I was trying to fold up all the blankets and things for the nurses, but they told me to leave it, and helped me into the family room area off the recovery room. I ate two sandwiches and gabbed away to Noel, who I think was astonished that I was so alert, as he texted my Mom to let her know I was okay.
I was only 2 out of 3 sandwiches in when they asked me if I could see the specialist, so Noel and I went into another small room, and the specialist came in to explain the same things he did in the operating theatre and give me a written report. And then he said I could go home!
I think I was so full of adrenaline that I was very happy to go home and gab away about the procedure and so on. It wasn’t as bad as I thought it would be, and I honestly think that everyone who needs to get one done, should get one done. I’m the world’s biggest baby when it comes to medical procedures, but this one couldn’t be more straight-forward, and honestly, the worst things that hurt were the IV port going in (and that was a quick pinch) and being sore from the Picoprep. That was it!

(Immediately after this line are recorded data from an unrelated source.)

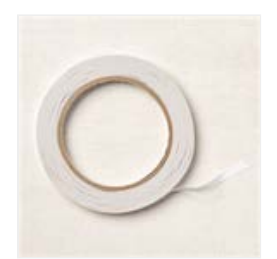
Tear & Tape Adhesive - 154031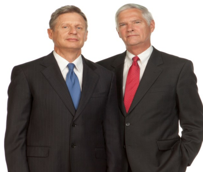
Libertarian Candidates for President & Vice-President Governor Gary Johnson & Judge Jim Gray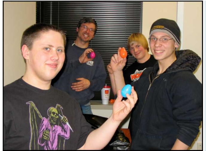
Top Left: Easter Egg stuffing at March Lions Club Meeting.

The only thing I would warn people about is trying to do too much too quickly after the procedure, because your body will let you know. I was ready for bed about 8 PM the night of the procedure, mainly because I think I’d chewed through my adrenaline reserves, and all that worry had melted away.

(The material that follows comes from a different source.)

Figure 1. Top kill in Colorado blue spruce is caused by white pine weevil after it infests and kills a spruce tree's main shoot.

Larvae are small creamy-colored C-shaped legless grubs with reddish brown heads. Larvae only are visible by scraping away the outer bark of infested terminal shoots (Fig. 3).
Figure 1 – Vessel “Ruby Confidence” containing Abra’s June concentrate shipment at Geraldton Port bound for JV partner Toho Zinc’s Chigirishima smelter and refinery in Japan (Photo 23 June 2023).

The Picoprep does continue to deliver (although not as much) after the procedure, and I wasn’t very hungry after either, so I took it slowly and ate really bland food for dinner.
I did get a really excellent night’s sleep that night.
The day after, I got up early to talk to my Mom, and then Noel and I went out to do some shopping for groceries and household items. When I got home, I definitely knew I’d overdone it as I was extremely physically exhausted. Again, I was falling asleep early, so we went to bed early.
Having the low dose of sedative (Hypnovel) did mean I remembered most of the procedure and what followed, but after and the next day, I did find myself a little more forgetful than usual (things like trying to put the house keys in the fridge and going into the kitchen to clean-up when I already had as I had meant to go into the garage to do laundry), but that was okay.
Colon cancer is a big killer in several nations around the world (New Zealand included), so it’s very important that you get this simple procedure done for your own peace of mind and to ensure you don’t suffer with cancer when this procedure could have helped prevent it. I know it’s difficult for some people to face having it done, but seriously, it’s a short procedure and think about what you’d rather have: a few hours of discomfort in prep and during the procedure, or months of cancer? I know what I’d rather prefer!